↓

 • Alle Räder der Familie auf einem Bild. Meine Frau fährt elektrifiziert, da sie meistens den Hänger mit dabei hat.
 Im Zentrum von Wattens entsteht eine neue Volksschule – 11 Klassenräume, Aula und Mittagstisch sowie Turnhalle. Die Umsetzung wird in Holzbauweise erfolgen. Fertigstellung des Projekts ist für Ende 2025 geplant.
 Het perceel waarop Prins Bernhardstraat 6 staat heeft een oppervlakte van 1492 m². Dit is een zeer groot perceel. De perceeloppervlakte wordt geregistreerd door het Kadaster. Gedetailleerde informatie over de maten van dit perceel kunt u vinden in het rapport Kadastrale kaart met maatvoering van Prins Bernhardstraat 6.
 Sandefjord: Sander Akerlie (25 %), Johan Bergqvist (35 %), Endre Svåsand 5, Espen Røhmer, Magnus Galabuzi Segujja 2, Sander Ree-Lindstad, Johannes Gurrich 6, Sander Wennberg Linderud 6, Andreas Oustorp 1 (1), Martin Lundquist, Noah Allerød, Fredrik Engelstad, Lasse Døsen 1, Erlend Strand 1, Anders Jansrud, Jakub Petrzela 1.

↑
↓

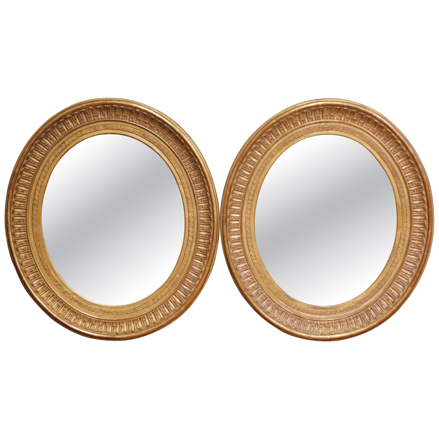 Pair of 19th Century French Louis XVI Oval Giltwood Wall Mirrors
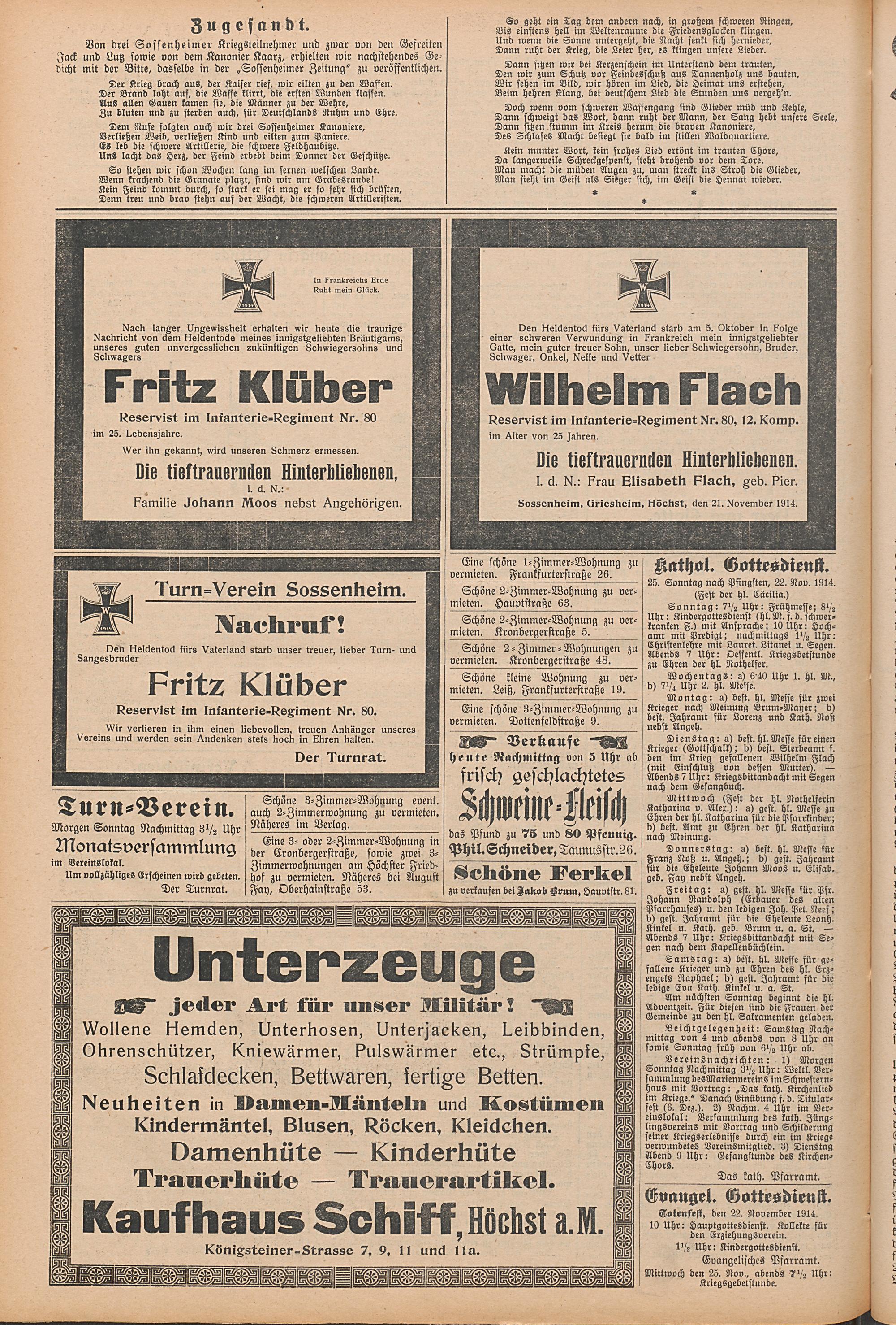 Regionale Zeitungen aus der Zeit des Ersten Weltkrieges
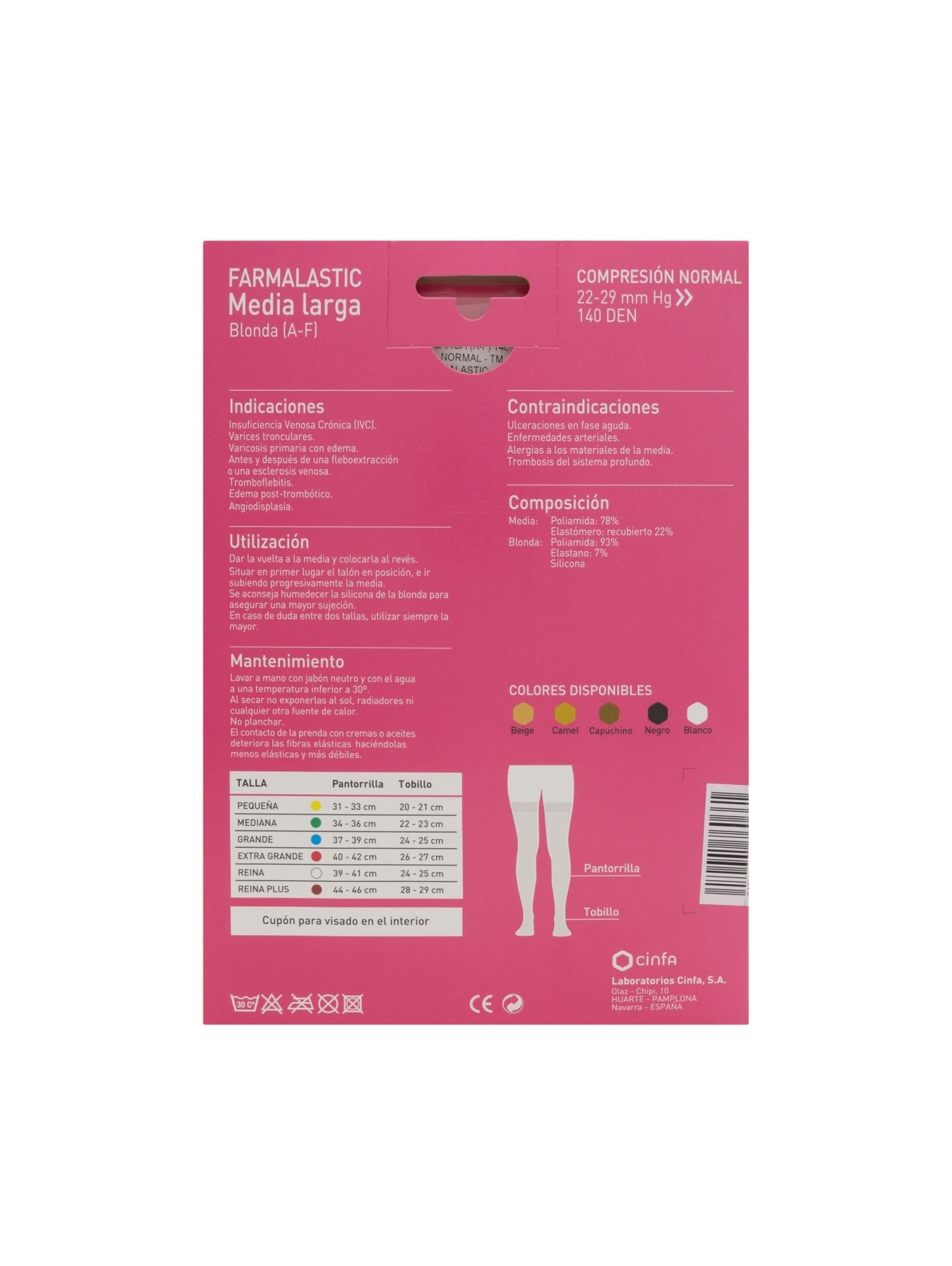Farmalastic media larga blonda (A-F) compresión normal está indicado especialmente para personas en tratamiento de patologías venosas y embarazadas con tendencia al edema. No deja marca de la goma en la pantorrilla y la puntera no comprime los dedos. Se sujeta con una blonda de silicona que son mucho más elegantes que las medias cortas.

↑

WORK TO BE COMPLETED
Repeat exactly the lines above from the one with "mit dabei hat." up to and including the one with "Sandefjord: Sander Akerlie". No other line belongs in the reply.

EXERCISE ANSWER
 • Alle Räder der Familie auf einem Bild. Meine Frau fährt elektrifiziert, da sie meistens den Hänger mit dabei hat.
 Im Zentrum von Wattens entsteht eine neue Volksschule – 11 Klassenräume, Aula und Mittagstisch sowie Turnhalle. Die Umsetzung wird in Holzbauweise erfolgen. Fertigstellung des Projekts ist für Ende 2025 geplant.
 Het perceel waarop Prins Bernhardstraat 6 staat heeft een oppervlakte van 1492 m². Dit is een zeer groot perceel. De perceeloppervlakte wordt geregistreerd door het Kadaster. Gedetailleerde informatie over de maten van dit perceel kunt u vinden in het rapport Kadastrale kaart met maatvoering van Prins Bernhardstraat 6.
 Sandefjord: Sander Akerlie (25 %), Johan Bergqvist (35 %), Endre Svåsand 5, Espen Røhmer, Magnus Galabuzi Segujja 2, Sander Ree-Lindstad, Johannes Gurrich 6, Sander Wennberg Linderud 6, Andreas Oustorp 1 (1), Martin Lundquist, Noah Allerød, Fredrik Engelstad, Lasse Døsen 1, Erlend Strand 1, Anders Jansrud, Jakub Petrzela 1.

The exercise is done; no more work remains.